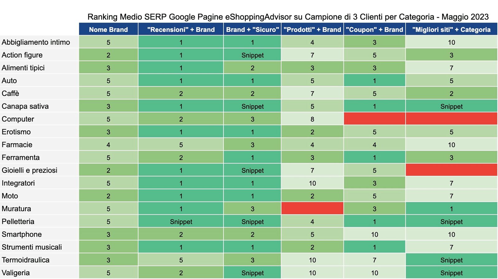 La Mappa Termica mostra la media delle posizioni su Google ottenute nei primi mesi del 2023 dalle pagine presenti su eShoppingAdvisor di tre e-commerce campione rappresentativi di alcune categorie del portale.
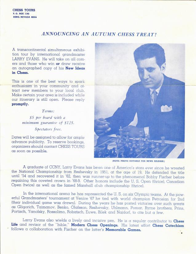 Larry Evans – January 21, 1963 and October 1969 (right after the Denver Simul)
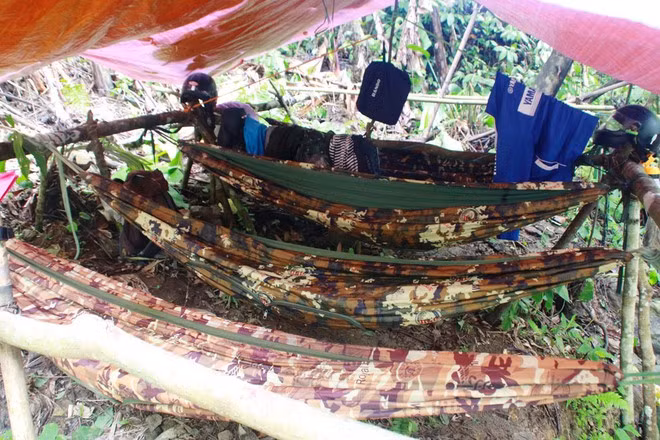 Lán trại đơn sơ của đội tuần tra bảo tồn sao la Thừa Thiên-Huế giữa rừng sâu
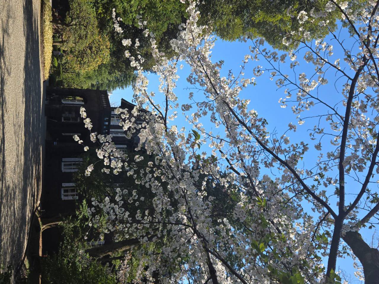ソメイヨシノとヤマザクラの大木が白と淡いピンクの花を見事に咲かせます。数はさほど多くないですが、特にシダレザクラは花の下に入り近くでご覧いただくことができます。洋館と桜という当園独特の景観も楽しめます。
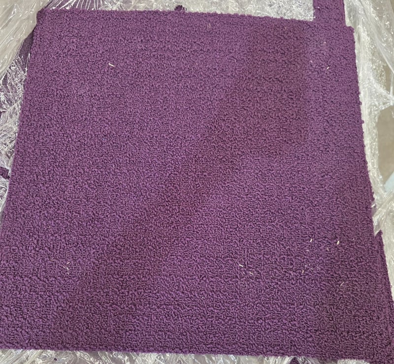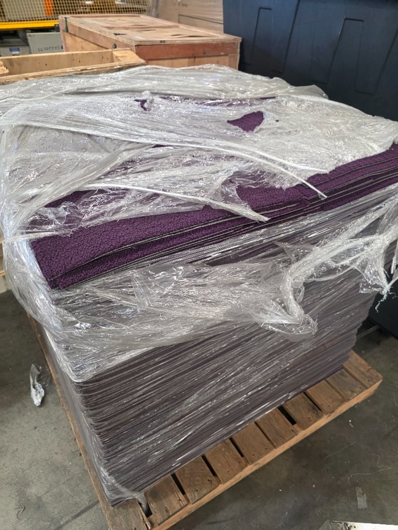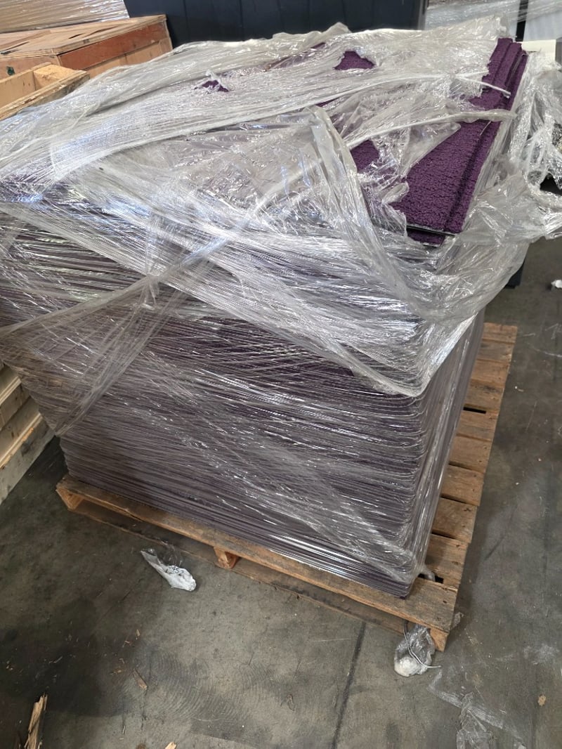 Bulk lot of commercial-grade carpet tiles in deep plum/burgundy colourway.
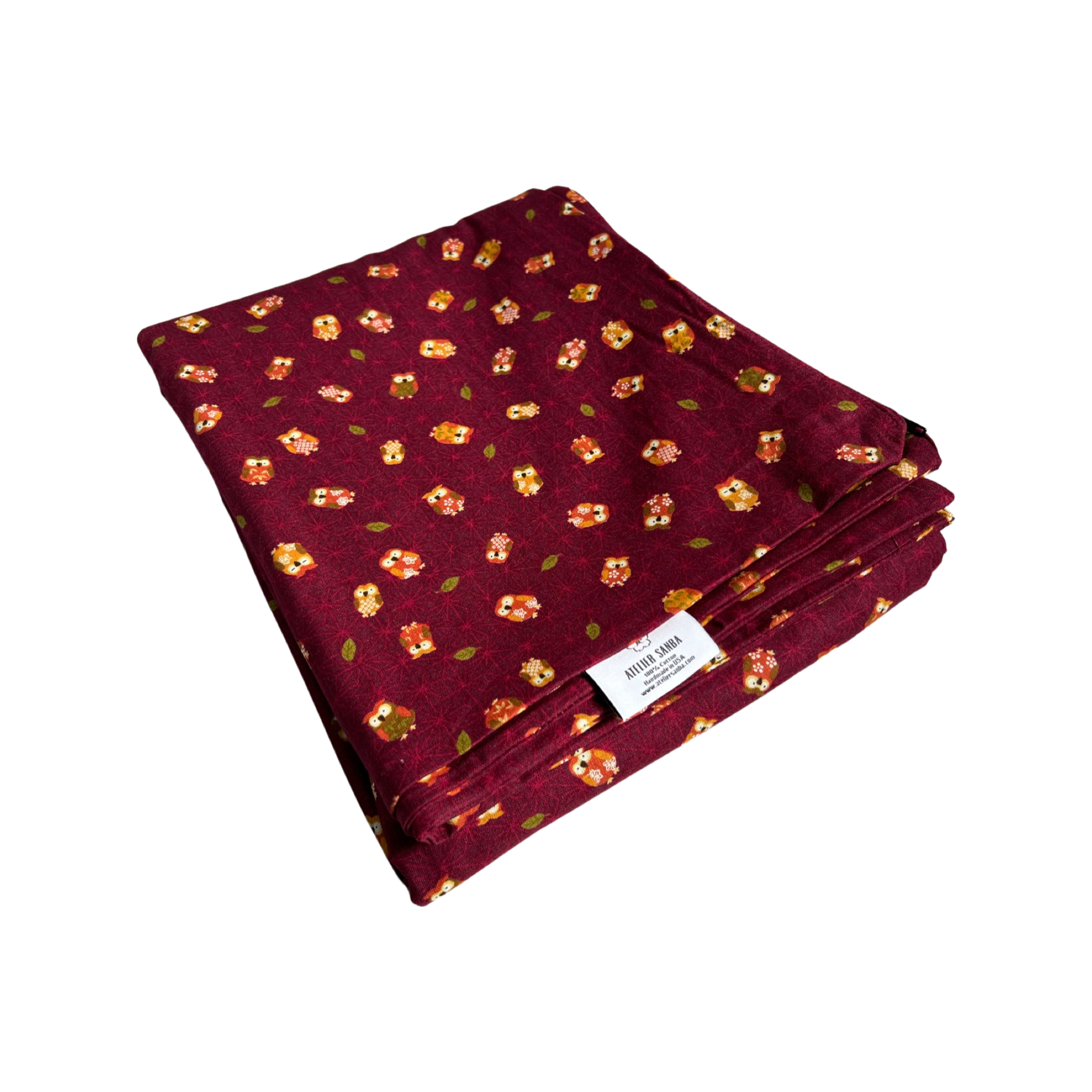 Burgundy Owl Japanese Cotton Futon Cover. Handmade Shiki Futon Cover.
----
- _Work task_: Leave out the pictures, then reproduce exactly the run of lines from the one that contains "ソメイヨシノとヤマザクラの大" to the final line of the listing above.

- _Exercise result_:
ソメイヨシノとヤマザクラの大木が白と淡いピンクの花を見事に咲かせます。数はさほど多くないですが、特にシダレザクラは花の下に入り近くでご覧いただくことができます。洋館と桜という当園独特の景観も楽しめます。
 Bulk lot of commercial-grade carpet tiles in deep plum/burgundy colourway.
 Burgundy Owl Japanese Cotton Futon Cover. Handmade Shiki Futon Cover.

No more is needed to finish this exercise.